Hello, I am having some performance issues with a certain Postgres database query joining 2 tables (containing 1 record each) and 1 view (containing 3 million records). Here are the table definitions, simplified as much as possible:
table1 (contains 1 record):
record_id SERIAL
table2_id INT4 (foreign key, can be null)
view1_id INT4 (foreign key, can be null)
table2 (contains 1 record):
record_id SERIAL
view1 (contains 3 million records, joins 3 other tables):
record_id SERIAL
column2 TEXT NOT NULL
Note that table1.view1_id is actually a foreign key to a table containing 3 million records, which is reconstructed by view1. Indexes have been created on all columns shown above, and VACUUM ANALYZE has been run. The tables are normalized. Here is the query (simplified):
SELECT *
FROM (table1 LEFT JOIN table2 ON table1.table2_id = table2.record_id)
LEFT JOIN view1 ON table1.view1_id = view1.record_id
WHERE view1.column2 = 'TEST';
As shown above, the query takes well over 1 minute to execute. If I substitute "INNER JOIN" for the second "LEFT JOIN" (the one involving table3), performance improves dramatically and the query executes in about 1 second.

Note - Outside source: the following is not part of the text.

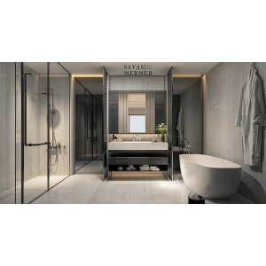 Stellar White Mermer, saf beyaz zemin üzerinden mavi, gri ve pembe tonlarının geçişi olduğu özel bir doğal taştır. Çok yönlü bir kullanım alanı olan bu mermer mimarlar tarafından projelerde sıkça tercih edilmektedir.

Here is my EXPLAIN output. As you can see I have a table of cities, a table of countries, and a table of provinces. The table containing cities is the one with 3 million records.
EXPLAIN output for LEFT JOIN version of query (slow)
Nested Loop (cost=182.85..576063.89 rows=220 width=629)
-> Hash Join (cost=1.02..2.09 rows=3 width=377)
-> Seq Scan on table1 t1 (cost=0.00..1.03 rows=3 width=276)
-> Hash (cost=1.02..1.02 rows=2 width=101)
-> Seq Scan on table2 t2 (cost=0.00..1.02 rows=2
width=101)
-> Subquery Scan v1 (cost=181.83..148003.47 rows=2938516
width=105)
-> Hash Join (cost=181.83..148003.47 rows=2938516 width=105)
-> Seq Scan on table_city t3 (cost=0.00..59666.16
rows=2938516 width=47)
-> Hash (cost=170.93..170.93 rows=4360 width=58)
-> Hash Join (cost=6.12..170.93 rows=4360
width=58)
-> Seq Scan on table_province t2
(cost=0.00..77.60 rows=4360 width=27)
-> Hash (cost=5.50..5.50 rows=250
width=31)
-> Seq Scan on table_country t1
(cost=0.00..5.50 rows=250 width=31)
EXPLAIN output for INNER JOIN version of query (fast)
Hash Join (cost=477.17..488.27 rows=1 width=482)
-> Merge Join (cost=475.07..486.12 rows=10 width=105)
-> Sort (cost=434.49..434.49 rows=4360 width=58)
-> Hash Join (cost=6.12..170.93 rows=4360 width=58)
-> Seq Scan on table_province t2
(cost=0.00..77.60 rows=4360 width=27)
-> Hash (cost=5.50..5.50 rows=250 width=31)
-> Seq Scan on table_country t1
(cost=0.00..5.50 rows=250 width=31)
-> Sort (cost=40.58..40.58 rows=10 width=47)
-> Index Scan using table_city_city_name_key on
trek_city t3 (cost=0.00..40.43 rows=10 width=47)
-> Hash (cost=2.09..2.09 rows=3 width=377)
-> Hash Join (cost=1.02..2.09 rows=3 width=377)
-> Seq Scan on table1 t1 (cost=0.00..1.03 rows=3
width=276)
-> Hash (cost=1.02..1.02 rows=2 width=101)
-> Seq Scan on table2 t2 (cost=0.00..1.02 rows=2
width=101)
Could anyone offer any suggestions on how to improve the performance of the LEFT JOIN? I can't figure out why it won't use the index like the INNER JOIN does. Thank you for your time.